The questions presented are (1) whether Corrections' investigation and recommendation to release Edwards is shielded from liability because of judicial immunity; (2) whether the relationship between Corrections or TASC and Edwards imposes a duty on either agency to anticipate and control Edwards' conduct; and (3) whether either Corrections or TASC breached a duty owed to McKennas.
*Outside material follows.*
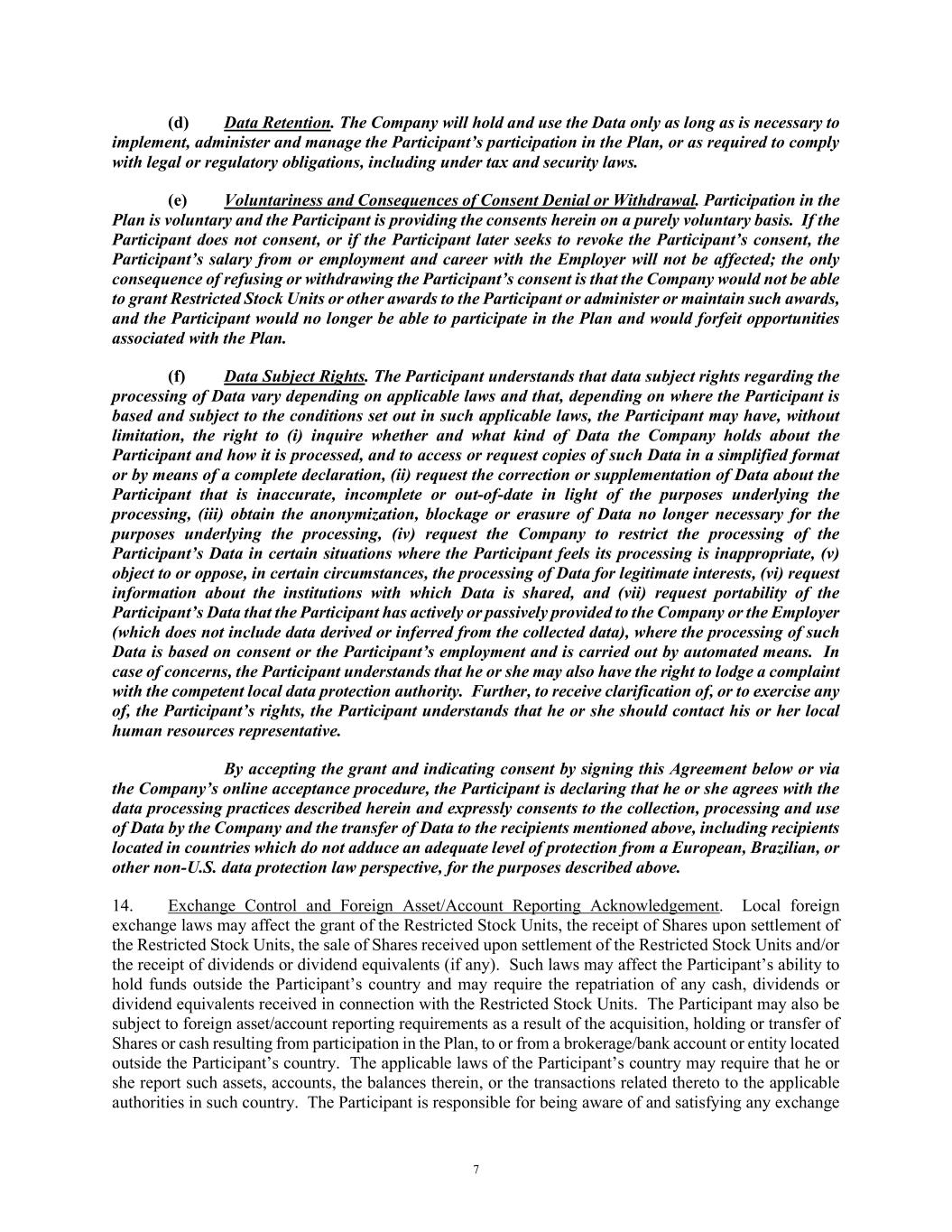 7 (d) Data Retention. The Company will hold and use the Data only as long as is necessary to implement, administer and manage the Participant’s participation in the Plan, or as required to comply with legal or regulatory obligations, including under tax and security laws. (e) Voluntariness and Consequences of Consent Denial or Withdrawal. Participation in the Plan is voluntary and the Participant is providing the consents herein on a purely voluntary basis. If the Participant does not consent, or if the Participant later seeks to revoke the Participant’s consent, the Participant’s salary from or employment and career with the Employer will not be affected; the only consequence of refusing or withdrawing the Participant’s consent is that the Company would not be able to grant Restricted Stock Units or other awards to the Participant or administer or maintain such awards, and the Participant would no longer be able to participate in the Plan and would forfeit opportunities associated with the Plan. (f) Data Subject Rights. The Participant understands that data subject rights regarding the processing of Data vary depending on applicable laws and that, depending on where the Participant is based and subject to the conditions set out in such applicable laws, the Participant may have, without limitation, the right to (i) inquire whether and what kind of Data the Company holds about the Participant and how it is processed, and to access or request copies of such Data in a simplified format or by means of a complete declaration, (ii) request the correction or supplementation of Data about the Participant that is inaccurate, incomplete or out-of-date in light of the purposes underlying the processing, (iii) obtain the anonymization, blockage or erasure of Data no longer necessary for the purposes underlying the processing, (iv) request the Company to restrict the processing of the Participant’s Data in certain situations where the Participant feels its processing is inappropriate, (v) object to or oppose, in certain circumstances, the processing of Data for legitimate interests, (vi) request information about the institutions with which Data is shared, and (vii) request portability of the Participant’s Data that the Participant has actively or passively provided to the Company or the Employer (which does not include data derived or inferred from the collected data), where the processing of such Data is based on consent or the Participant’s employment and is carried out by automated means. In case of concerns, the Participant understands that he or she may also have the right to lodge a complaint with the competent local data protection authority. Further, to receive clarification of, or to exercise any of, the Participant’s rights, the Participant understands that he or she should contact his or her local human resources representative. By accepting the grant and indicating consent by signing this Agreement below or via the Company’s online acceptance procedure, the Participant is declaring that he or she agrees with the data processing practices described herein and expressly consents to the collection, processing and use of Data by the Company and the transfer of Data to the recipients mentioned above, including recipients located in countries which do not adduce an adequate level of protection from a European, Brazilian, or other non-U.S. data protection law perspective, for the purposes described above. 14. Exchange Control and Foreign Asset/Account Reporting Acknowledgement. Local foreign exchange laws may affect the grant of the Restricted Stock Units, the receipt of Shares upon settlement of the Restricted Stock Units, the sale of Shares received upon settlement of the Restricted Stock Units and/or the receipt of dividends or dividend equivalents (if any). Such laws may affect the Participant’s ability to hold funds outside the Participant’s country and may require the repatriation of any cash, dividends or dividend equivalents received in connection with the Restricted Stock Units. The Participant may also be subject to foreign asset/account reporting requirements as a result of the acquisition, holding or transfer of Shares or cash resulting from participation in the Plan, to or from a brokerage/bank account or entity located outside the Participant’s country. The applicable laws of the Participant’s country may require that he or she report such assets, accounts, the balances therein, or the transactions related thereto to the applicable authorities in such country. The Participant is responsible for being aware of and satisfying any exchange

Standard of Review--Summary Judgment

The issues raised in this appeal were resolved by summary judgment at the trial court. We therefore engage in the same inquiry as the trial court, considering all facts and reasonable inferences therefrom in the light most favorable to the nonmoving parties. Taggart v. State, 118 Wash.2d 195, 199, 822 P.2d 243 (1992).

Judicial Immunity

McKennas contend the court erred in concluding Corrections' investigation and recommendation to the court to release Edwards is protected by judicial immunity.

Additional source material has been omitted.